-- Data excerpt --
"""

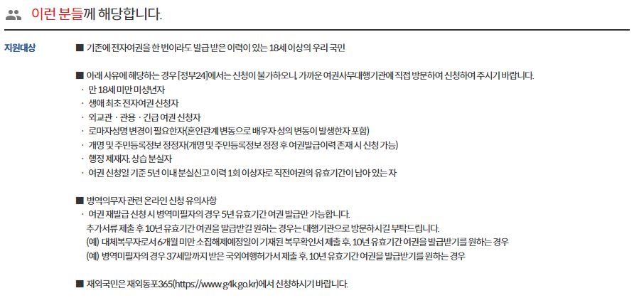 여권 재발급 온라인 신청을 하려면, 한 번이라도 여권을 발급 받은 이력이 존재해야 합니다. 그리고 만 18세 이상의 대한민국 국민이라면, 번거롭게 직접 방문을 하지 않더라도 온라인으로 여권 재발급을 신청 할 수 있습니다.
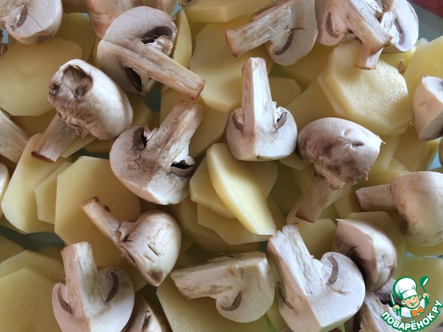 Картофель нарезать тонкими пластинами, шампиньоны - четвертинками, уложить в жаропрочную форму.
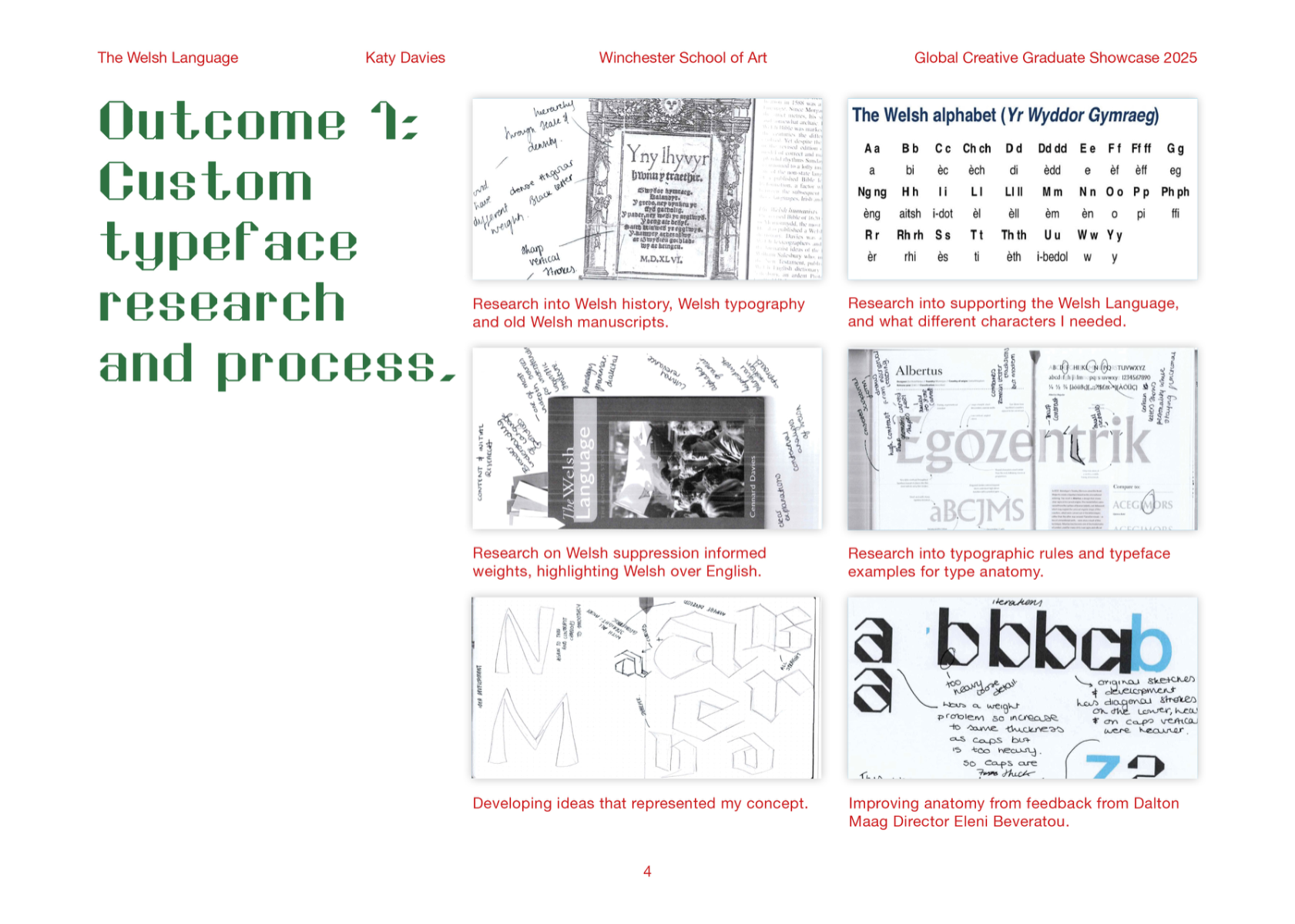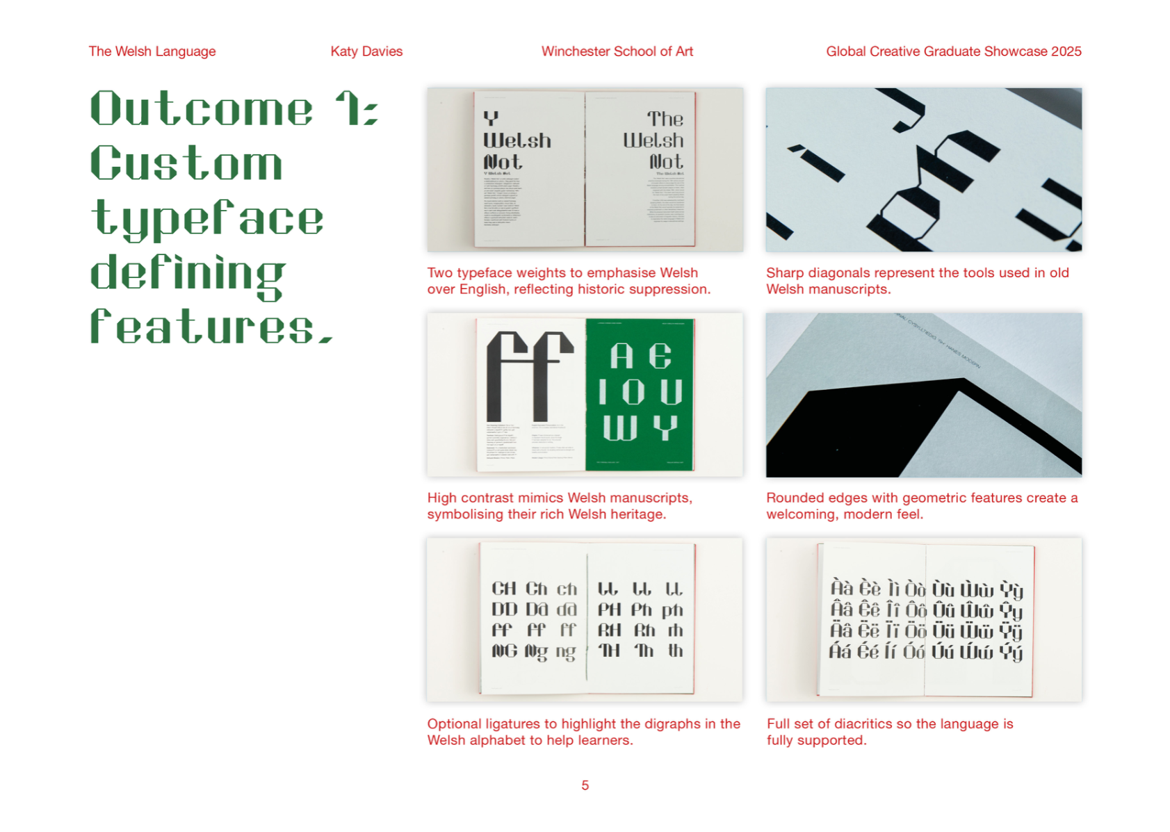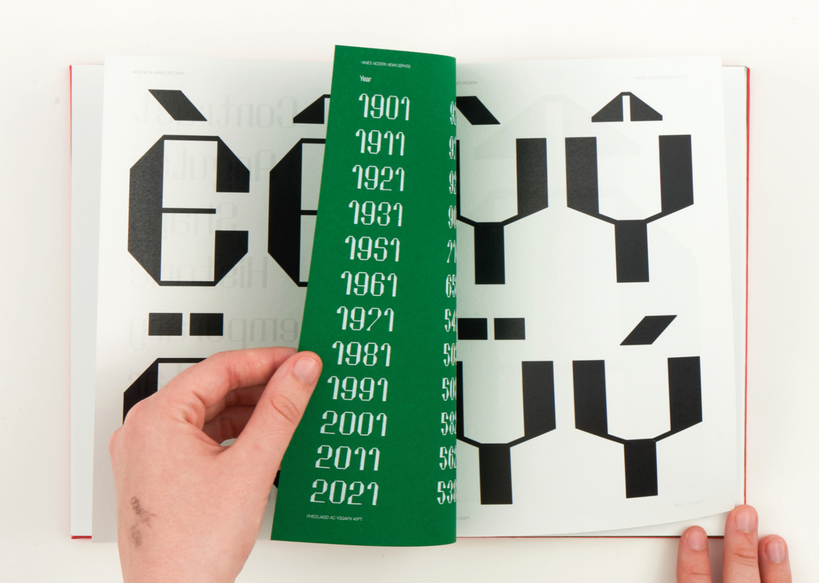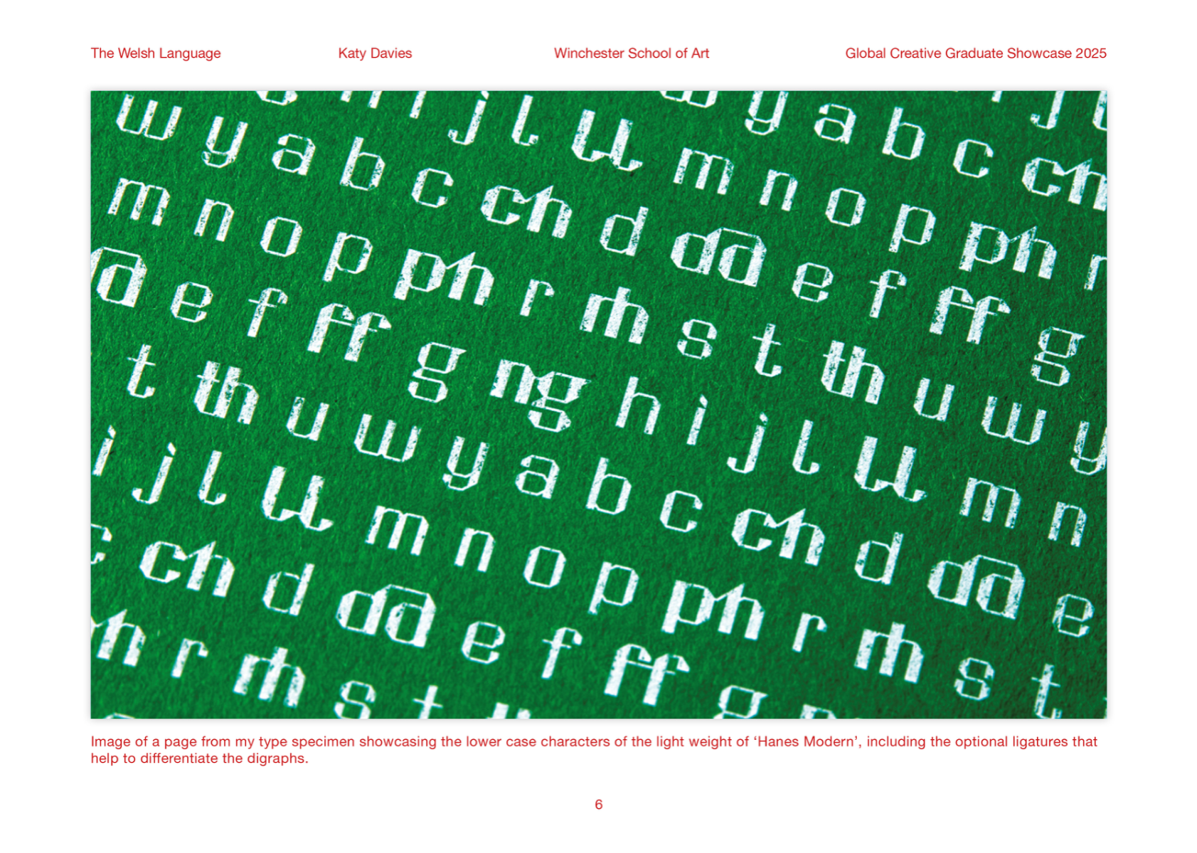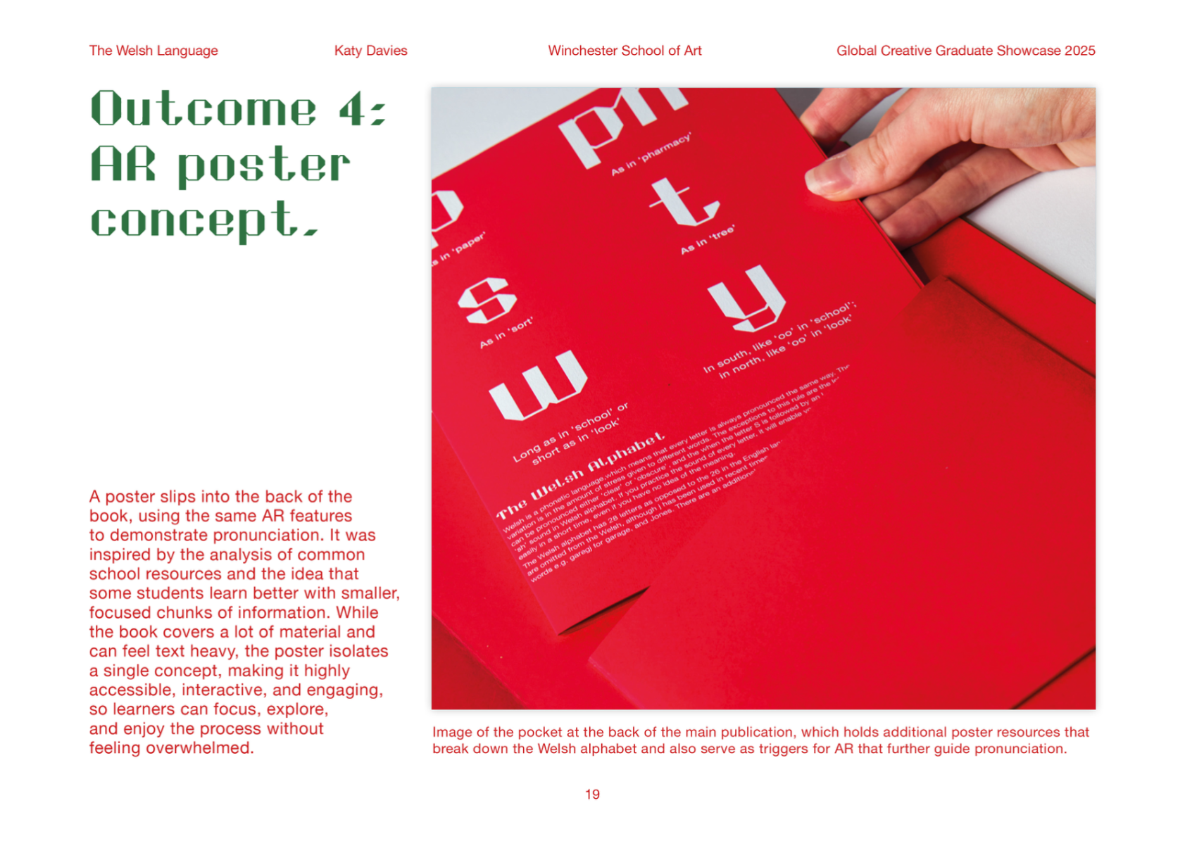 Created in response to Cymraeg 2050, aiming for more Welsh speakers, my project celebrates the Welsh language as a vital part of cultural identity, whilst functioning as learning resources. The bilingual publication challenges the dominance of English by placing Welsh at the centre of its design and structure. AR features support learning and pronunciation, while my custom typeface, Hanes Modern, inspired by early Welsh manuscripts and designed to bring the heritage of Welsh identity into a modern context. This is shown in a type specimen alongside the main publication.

"""

-- Problem to solve --
Only the lines from the first line of the listing above through the line with "Картофель нарезать тонкими" should be set down, exactly and without pictures.

-- Result --
 여권 재발급 온라인 신청을 하려면, 한 번이라도 여권을 발급 받은 이력이 존재해야 합니다. 그리고 만 18세 이상의 대한민국 국민이라면, 번거롭게 직접 방문을 하지 않더라도 온라인으로 여권 재발급을 신청 할 수 있습니다.
 Картофель нарезать тонкими пластинами, шампиньоны - четвертинками, уложить в жаропрочную форму.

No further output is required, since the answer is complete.